Fashionably Great
Scott and Kathy Formby, co-creators of the new fashion label No.1808, apply their carefully honed aesthetic at home in Amagansett, in a 1982 house designed by Julian and Barbara Neski
A STRIKINGLY MODERN HOUSE IN THE Amagansett woods was not what Kathy and Scott Formby had in mind when they started searching for a weekend place in the early 1990s. “We soon found that the typical shingled Hamptons farmhouse has small windows and chopped-up rooms, and we thought, maybe we should look at something more modern,” Kathy Formby recalls. Then they saw “this amazing structure, like a tree house in the woods”—and were sold. Theirs isn’t just any modern house. It is one of 35 innovative homes, many on the East End, designed by Julian and Barbara Neski, the distinguished architectural team behind the famous fin-shaped 1964 Chalif house in East Hampton and the white-cube 1968 Cates house in Amagansett. The Formbys’ home is a fine example of, as the New York Times put it in Julian Neski’s 2004 obituary, “functionalist simplicity combined with sculpturally expressive form.”
Built in 1982, the three-bedroom, two-bath house is an L-shaped arrangement of cedar-clad boxes, with partly enclosed decks off every room. The whole is cantilevered several feet above the ground. “Because it was in these woods, it had to be a tree house,” recalls Barbara Neski, “and you had to be able to run a car underneath it. That was nothing new—Corbu did that years ago—but we knew it had to perch.”
“We’re living in the trees, at eye level with leaves and branches,” says Scott Formby. “One wall of the main room is all glass, so as the trees change with the seasons, the color of the room changes too.” The Formbys are so fond of the two-acre property’s established beeches and oaks that they scrapped the idea of a swimming pool because, as Kathy says, “We just didn’t have the heart to chop down the trees.”

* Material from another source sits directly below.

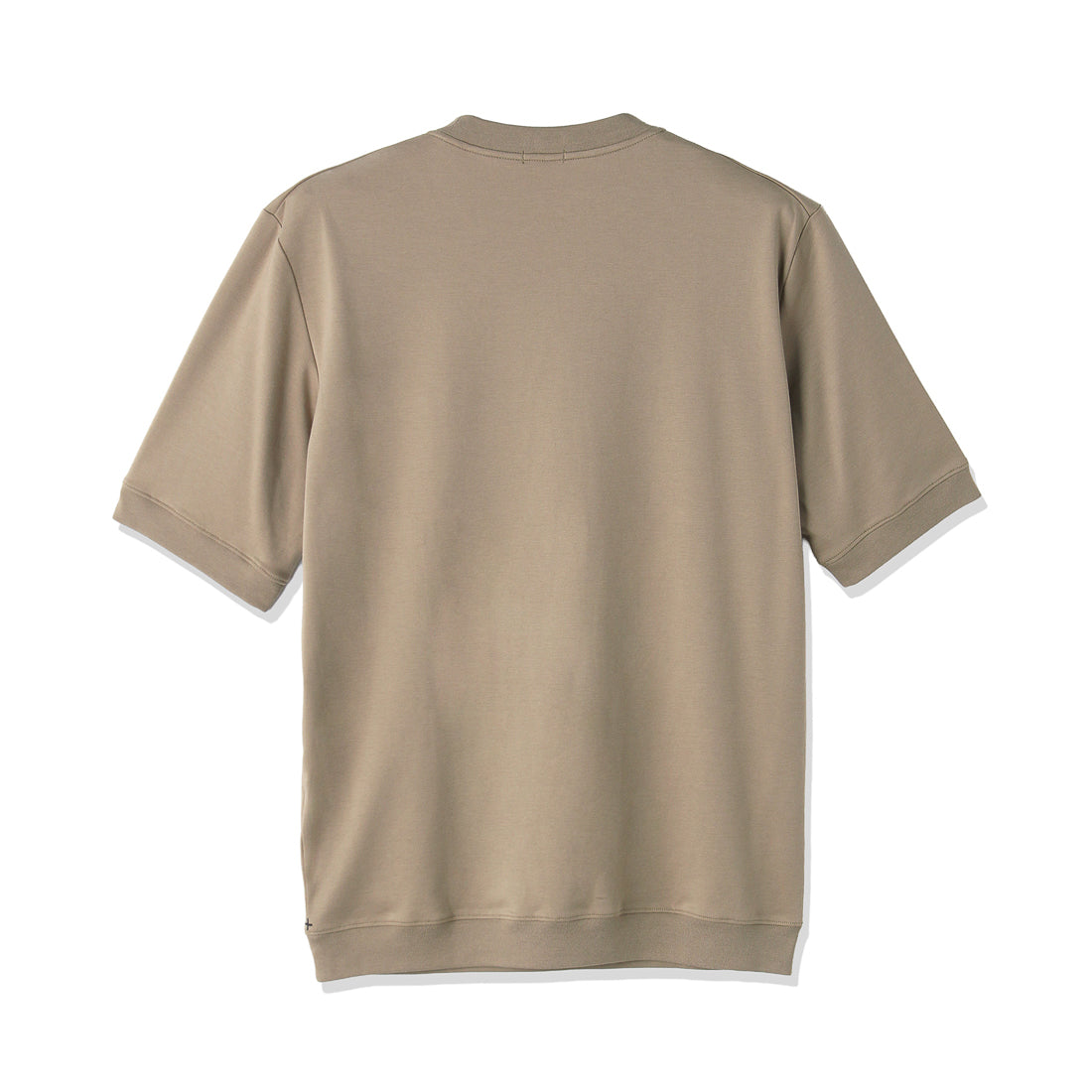 袖口、裾にリブを配置することでTシャツ以上、ニット未満なアイテムとしてカットソーのイージーさとニットのエレガントさを併せ持ったTシャツになります。腕が前に出しやすいよう立体的に作られたアームホールに対して袖を前振りにしています。また肩線をずらし、肩や袖山にイセを入れることで体に沿わせながら可動域を広げる設計にもなっています。袖山を高くしているので1枚でもジャケットの下でもごわつかずにすっきりとお召しいただけます。左脇には+CLOTHETであることを示す+マークが配色で入っています。

The decor, which has evolved gradually over the years, is an unforced mix of pedigreed mid-20th-century furnishings and colorful Moroccan textiles. Vintage Knoll sofas, low-slung Danish modern pieces and a handsome Jens Risom dining table are the mainstays. A variety of rugs, poufs and cushions on the floors and sea-grass wall coverings add character. “We weren’t going for any style in particular,” Kathy says. “We acquired things over the years and chose what seemed to fit the sensibility of the house.”
The couple met while both were working for Ralph Lauren. Scott, a Texas native, has also worked at J. Crew and Lucky Jeans, and Kathy, who hails from Ohio, at Calvin Klein, Chanel and Donna Karan. “The same things you bring to fashion—an eye for color and texture and textiles—you apply to decorating a house,” says Scott.

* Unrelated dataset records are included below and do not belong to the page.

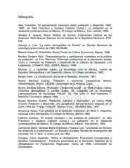 Bibliografía Alba Francisco, “El pensamiento mexicano sobre población y desarrollo 1965- 1990”, en Alba Francisco y Gustavo Cabrera (Comp.), La población en el desarrollo contemporáneo de México, El Colegio de México, 1era. edición, 1994. Almada B. Ignacio, Breve Historia de Sonora, Fideicomiso Historia de las Américas. Serie Breves Historias de los Estados de la República Mexicana. FCE. CM. Astorga A. Luis, “La razón demográfica de Estado” en Revista Mexicana de sociología enero-marzo de 1989, IIS/UNAM, Blalock Hubert M, Estadística Social, Fondo de Cultura Económica, México, 1986. Benítez Zenteno Raúl, “Descentralización y participación ciudadana en la política de población”, en Foro Nacional, Dimensión poblacional en la planeación estatal, Tomo II, Comisión de Población y Desarrollo de la Cámara de Diputados, LVII Legislatura, CONAPO, SSA, UNFPA, México, 1998. Benítez, Z., y Quilordán Julieta, La fecundidad rural en México., Centro de Estudios Demográficos y de Desarrollo Urbano, El Colegio de México, 1983. Berger Peter, La Construcción Social de la Realidad. Amorrotu, 1991 Bueno Sánchez Eramis, Población y economía, perspectivas teórico- metodológicas. Mimeo. CEDEM, Universidad de la Habana, Cuba. Bueno Sánchez Eramis, “Población y desarrollo social” , en Welti Chanes Carlos, Dinámica demográfica y cambio social, XX Congreso de la Asociación Latinoamericana de Sociología, FNUAP, IIS, The John D. And Catherine T. MacArtur Foundation, México 1996. Bueno Sánchez Eramis, “Población, pobreza y desempleo”, en Carlos Weltti (Coord) Población y desarrollo, una perspectiva latinoamericana después de El Cairo 1994.,Ed. Prolap, FUNUAP, Mcartur Fund., IISUNAM, Méx, 1997. Browning Harley, “Los estudios de la población mexicana”, en Mina V, Alejandro, Lecturas sobre demografía, El Colegio de México, México 1982. Cabrera Gustavo, “El estado mexicano y las políticas de población”, en alba Francisco y Gustavo Cabrera (Comp.), La población en el desarrollo contemporáneo de México, El Colegio de México, México, 1era edición, 1994. Camberos Mario, Genesta María Antonieta y Huesca Luis, “La pobreza en Sonora: los límites de la modernización”, en Estudios Sociales, Revista de investigación del noroeste, Vol. V, Núm. 9, enero-junio de 1994. Canales, Cerón Alejandro. “Sobre la Globalización: Propuestas conceptuales y desafíos metodológicos”, Ponencia presentada en el Seminario Impactos de la Globalización en Poblaciones Regionales, marzo de 1999. Universidad de Guadalajara.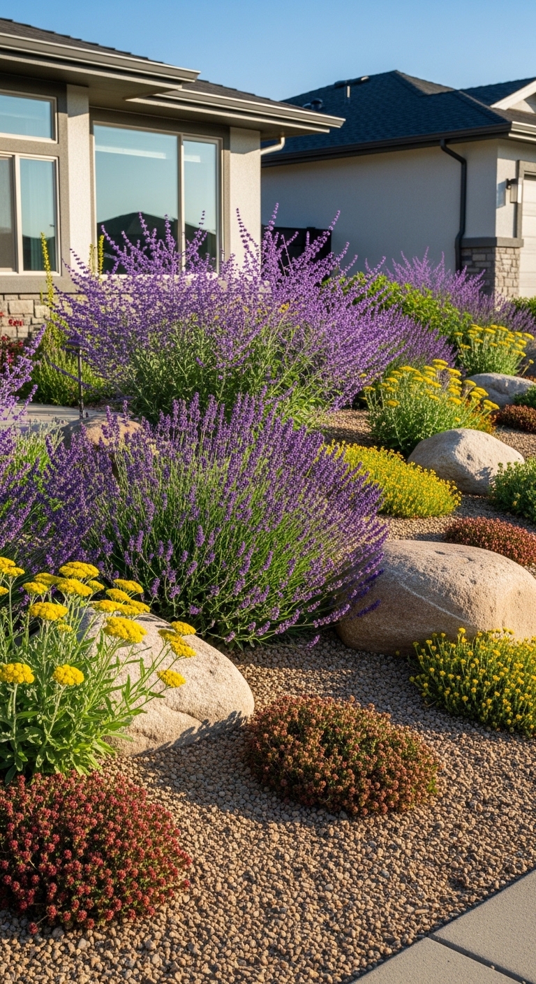 Combine drought-tolerant plants like Russian sage, yarrow, sedum, and lavender with mulch, gravel, and strategically placed boulders. The result looks anything but dry or sparse — a well-executed xeriscape is lush, textural, and endlessly interesting. And once established, your water usage drops dramatically.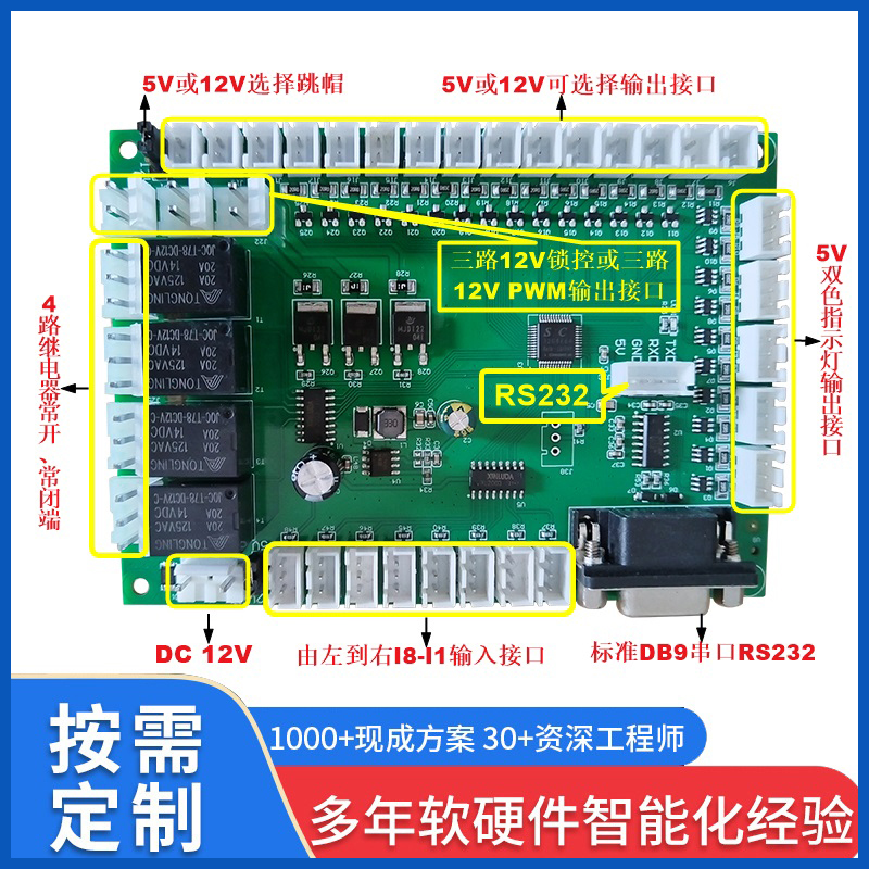 終端一體機專用多功能控制板現(xiàn)貨供應指示燈繼電器鎖控PWM電路板硬件方案免費定制人機交互軟件開發(fā)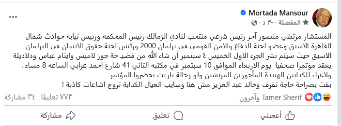 وتابع المستشار مرتضي منصور فى منشوره :" أنه ىخر رئيس شرعى منتخب لنادى الزمالك.. لاعزاء للكدابين الهبيدة المأجورين المرتشين “ متحديا حضورهم المؤتمر الصحفي قائلا ”لو رجالة ياريت يحضروا المؤتمر الصحفي".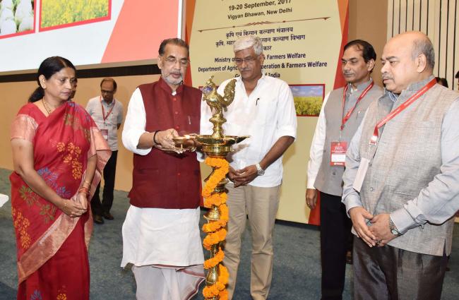 The Union Minister for Agriculture and Farmers Welfare,Radha Mohan Singh at the inauguration of the “National Conference on Agriculture for Rabi Campaign - 2017â€, in New Delhi on September 19, 2017. The Ministers of State for Agriculture and Farmers Welfare, Smt. Krishna Raj andGajendra Singh Shekhawat, the Secretary, Ministry of Agriculture and Farmers Welfare,S.K.Pattanayak and the Secretary, Department of Agricultural Research and Education (DARE) and DG, ICAR, Dr.T.Mohapatra are also seen.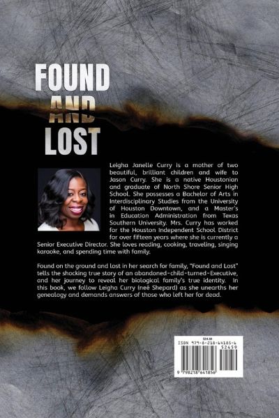 Found and Lost is the shocking true story of an abandoned child turned executive, and her journey to reveal her biological family's true identity. In this book, we follow Leigha Janelle Curry (Neé Shepard) as she unearths her genealogy and demands answers of those who left her for dead at birth.
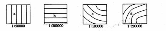 3、单选题 下图是“等高距相同的地形图”,有关a、b、c、d四处坡度大小的说法,正确的是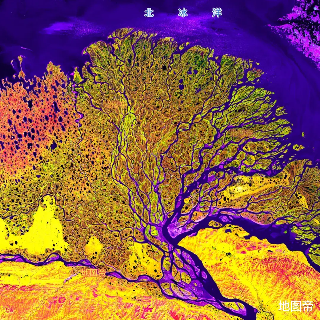 勒拿河拿河三角洲,呈鸟足状,面积约3万平方千米。一年中大约七个月,勒拿河三角洲被冻结为冻原,在五月份之后,有几个月郁郁葱葱的湿地。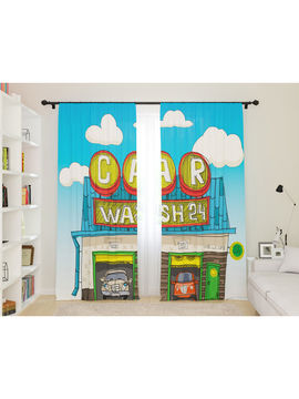 Фотошторы для детской "Веселая автомойка", 145*260, 2 шт. Сирень, цвет мультиколор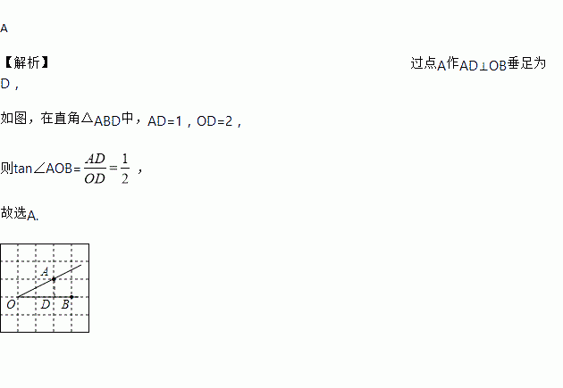 如图,在边长为1的小正方形组成的网格中,点A、B、O为格点,则tan∠AOB=( )

Together the Formbys have just embarked on a new fashion venture of their own, no.1808, a line of women’s clothing and accessories to be sold at specialty stores, including Gail Rothwell in East Hampton. They have an apartment in Greenwich Village and a house in the Hollywood Hills, so life can get hectic. When they do manage to get out to Amagansett, says Scott, “It’s a great outlet to have this house, filled with classic pieces we want to live with for a long time. It’s a relief from working in the fashion business, where everything changes every three or four months.”

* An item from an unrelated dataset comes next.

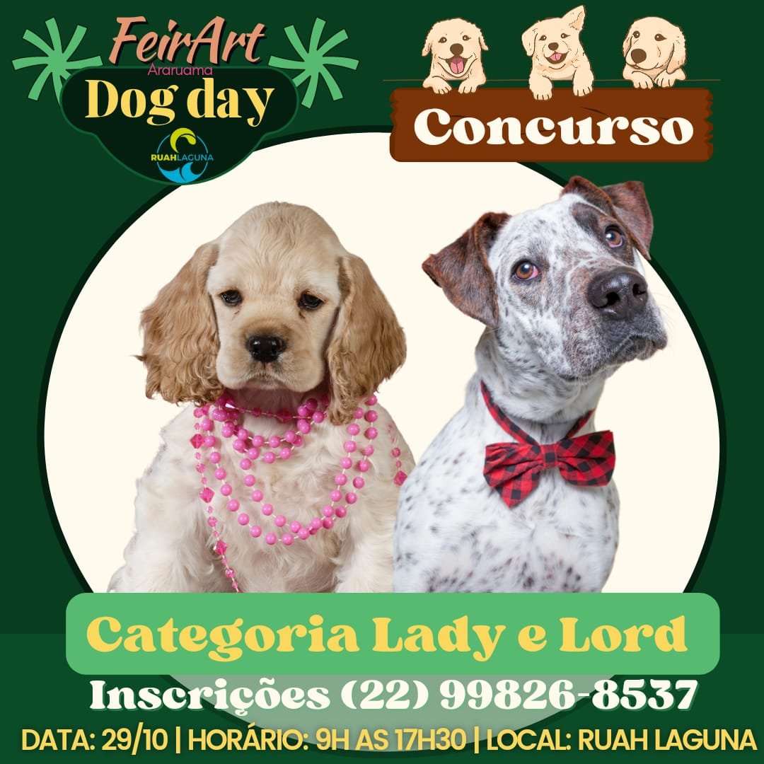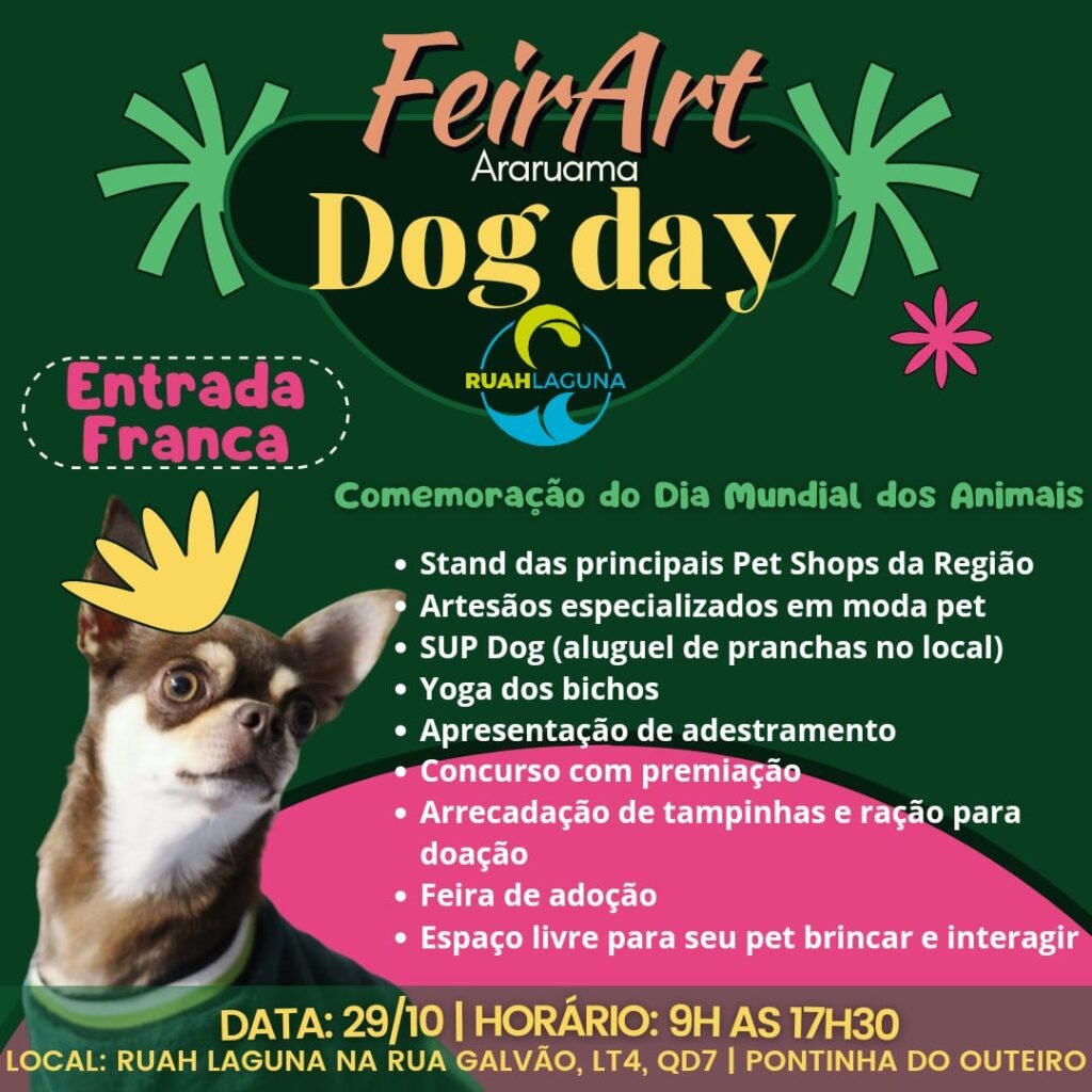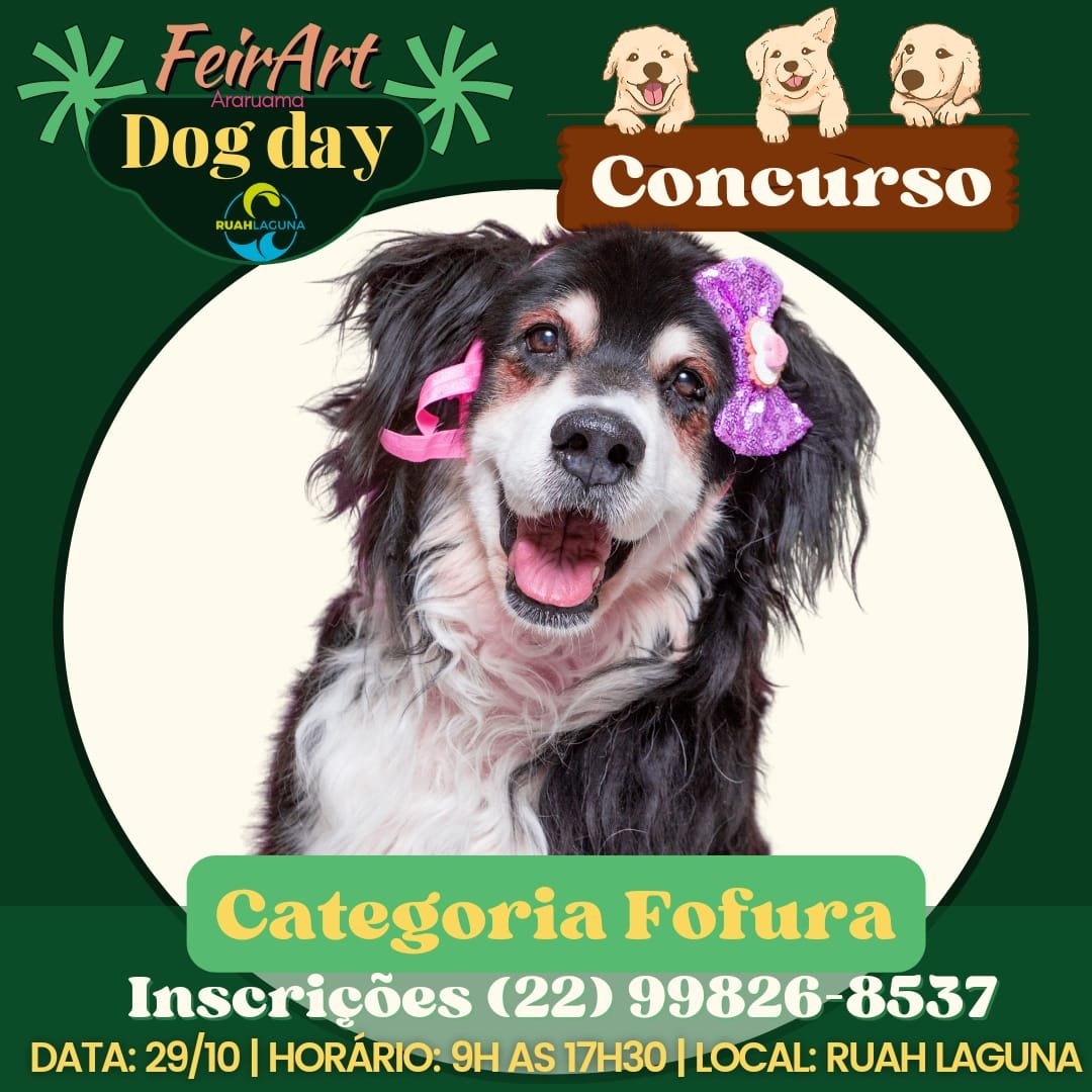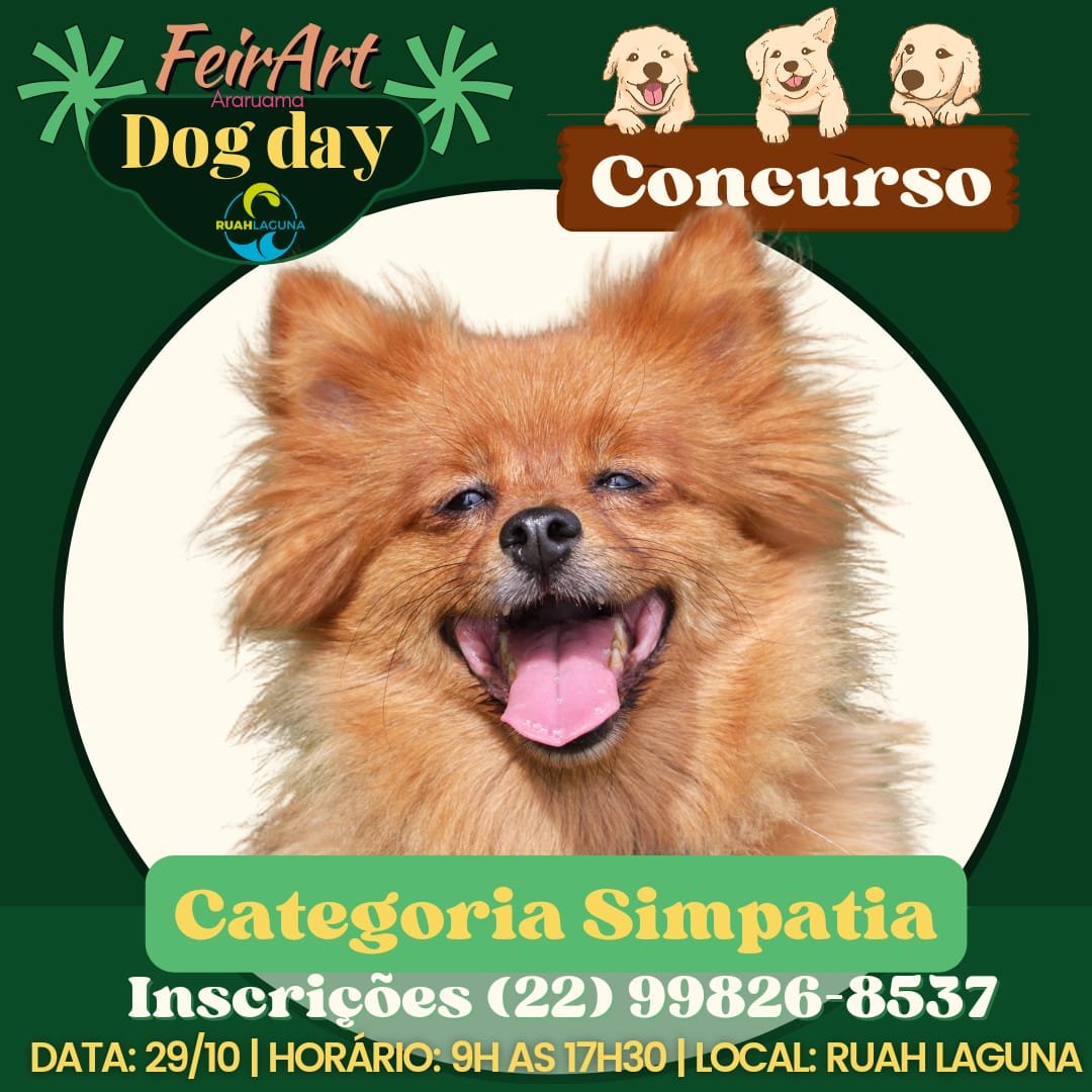 O 1° Dog Day da FeirArt vai reunir concurso de cachorros, feira, diversão e caridade em sua primeira edição. O evento será amanhã (29/10), das 9h às 17h30 no Ruah Laguna na Pontinha do Outeiro em Araruama.

Barbara and Julian Neski, who worked together in the office of Marcel Breuer in the 1950s, were delighted to see how the Formbys, only the house’s second owners, decorated the space—and no doubt were pleased that they made no structural changes. Mindful of the original architecture, the Formbys did little beyond refinishing the floors, bleaching them in the main space and applying an ebony stain in the master bedroom. “Scott and Kathy really understand the house, and they furnished it so beautifully,” Barbara Neski says. “I think the house appreciates it, too.”